Subsea chemical storage and injection use cases for large and small storage systems show they are amenable to a service model in which operator needs are met with a service company that provides an operator with a fully bundled suite of services or chemicals by the barrel — similar to current onshore models. A single service provider provides the storage, pump and control unit. The operator’s preference of chemical at point of injection subsea is negotiated monthly or by the chemical barrel cost. The logistics under the current practice — getting chemical to the dock, loading it onto supply vessels, transporting it to the operator’s platform, pumping/lifting the chemical to the platform deck, storing the chemical on deck, maintaining and operating the topside chemical units, buying the umbilical with the associated capital and operating costs — all go away for the operator. By utilizing subsea storage and inject units, the bundling service company provides the operator with only what it needs for as long as the need exists for a single, one-line operational expense.

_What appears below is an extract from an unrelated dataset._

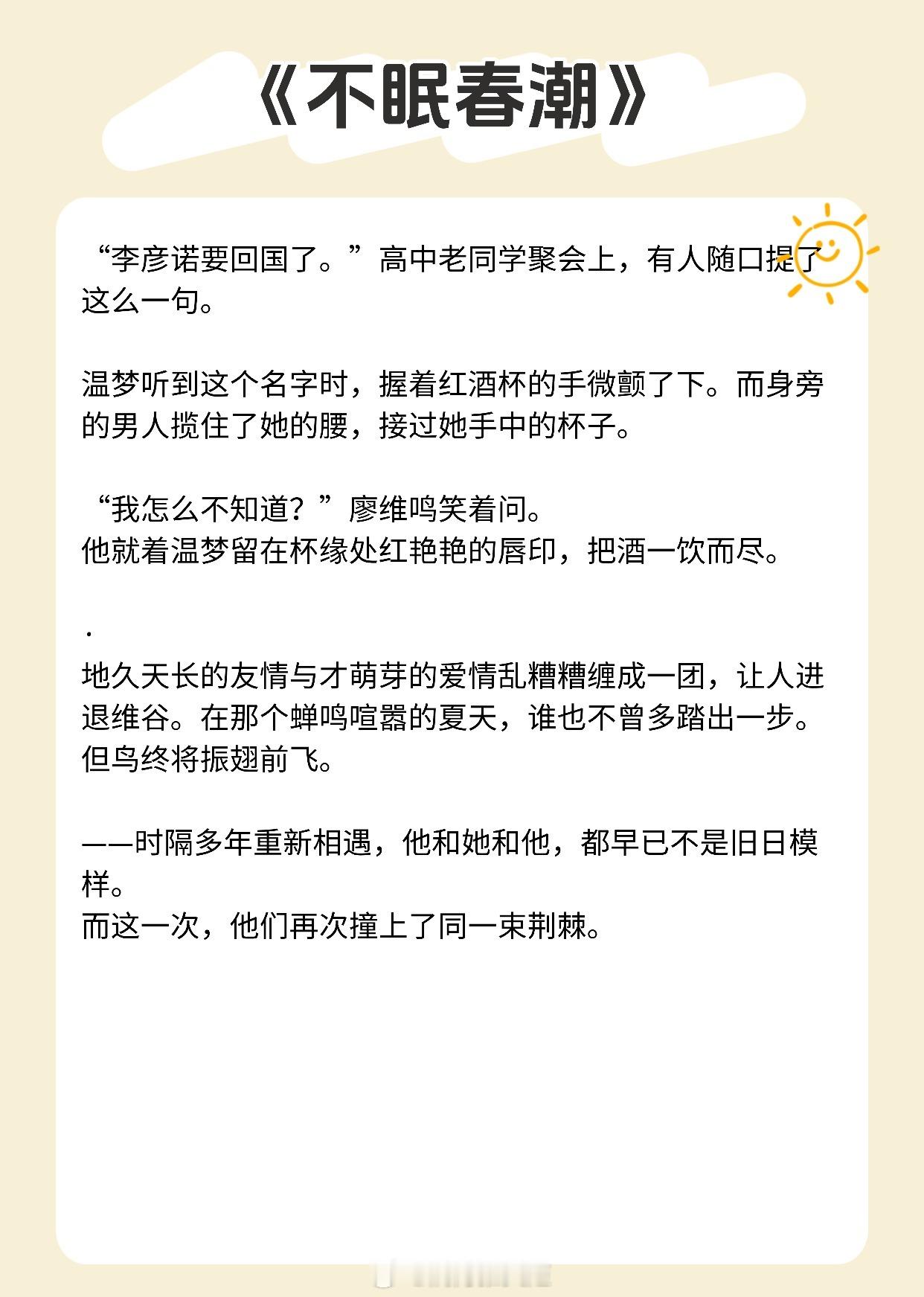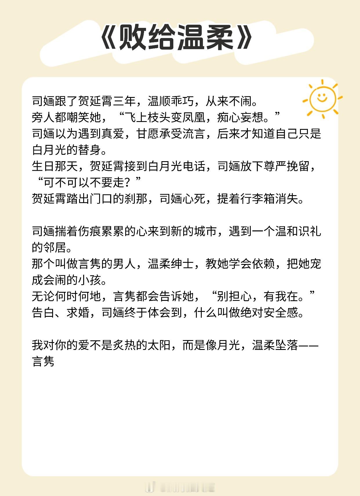 【清隽温柔型男主】我对你的爱不是炙热的太阳,而是像月光,温柔坠落《或许春天知道》作者:明开夜合《你若南风》作者:梦筱二《败给温柔》作者:江萝萝《错拍》作者:林不晚《今生才是第二次》作者:露西花《不眠春潮》作者:小涵仙《鸟与荆棘》作者:一只小火腿《玫瑰城堡》作者:一支枯芙《认真的胡闹》作者:蟹总推文言情小说推荐推文

The systems described previously are currently being built and qualified in Houston, Texas, with regulatory input and review.

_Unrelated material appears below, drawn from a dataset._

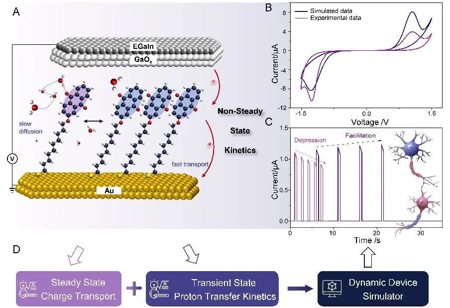 图1 A. 蒽醌分子器件设计概念图. B. 实验和理论模拟电流-电压响应. C. 模拟在连续脉冲刺激下的类突触分子结的动态响应. D. 非稳态输运和动力学器件的定量研究方法。

1. Houston Business Journal, 2017-12-07.
Art Schroeder co-founded Safe Marine Transfer LLC (SMT) in 2013 and founded Energy Valley Inc. in 2001. Prior to Energy Valley, he spent 25 years in upstream operations, engineering, construction, strategy development and crisis management with Amoco and then BP. Schroeder has served on numerous professional, corporate and civic boards and has published more than 80 technical papers. He is the recipient of numerous awards including the Offshore Technology Conference’s (OTC) prestigious Special Citation, the Society of Professional Engineers’ (SPE) Management and Information Award and he has been granted patents on his innovations. Schroeder graduated from Georgia Tech with a Bachelor of Science and a Master of Science in chemical engineering with a minor in environmental engineering, and from the University of Houston with an MBA, major in finance and international business. He also attended Emory University under a National Science Foundation grant and completed several postgraduate certificate programs.

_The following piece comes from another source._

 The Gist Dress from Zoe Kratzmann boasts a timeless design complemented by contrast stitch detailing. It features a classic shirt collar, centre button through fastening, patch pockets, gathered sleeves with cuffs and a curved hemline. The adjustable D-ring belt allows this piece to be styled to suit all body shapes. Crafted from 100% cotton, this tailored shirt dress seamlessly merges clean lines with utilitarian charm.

Antony Croston, the business group director at Trelleborg Offshore’s operation in Houston, is responsible for the externally facing functions of the business covering engineering, business development and project management. He has worked with Trelleborg for nine years and had a five-year spell at Wood Group, where he managed the drilling engineering consulting business for the Americas. Throughout his career, Croston has been involved in delivering a several new technologies to the market in the drilling and subsea areas. His primary focus is the alignment of internal competences and investment with the needs of customers within the context of a broader strategy based on product leadership.
Collin Gaskill recently joined Trelleborg Offshore to advance in-house engineering analysis and simulation capabilities in the Houston office. His background is finite element analysis and consulting engineering for drilling riser systems and operations. Gaskill understands environmental loading on subsea equipment, which he applies to the optimization and design of current and new equipment developments. Gaskill has been heavily involved in numerous equipment development projects ranging from drilling riser vortex induced vibration suppression to downhole annulus pressure buildup mitigation. In addition to his specialty of deepwater drilling systems, he looks after a majority of the new subsea equipment and application projects in the Houston office.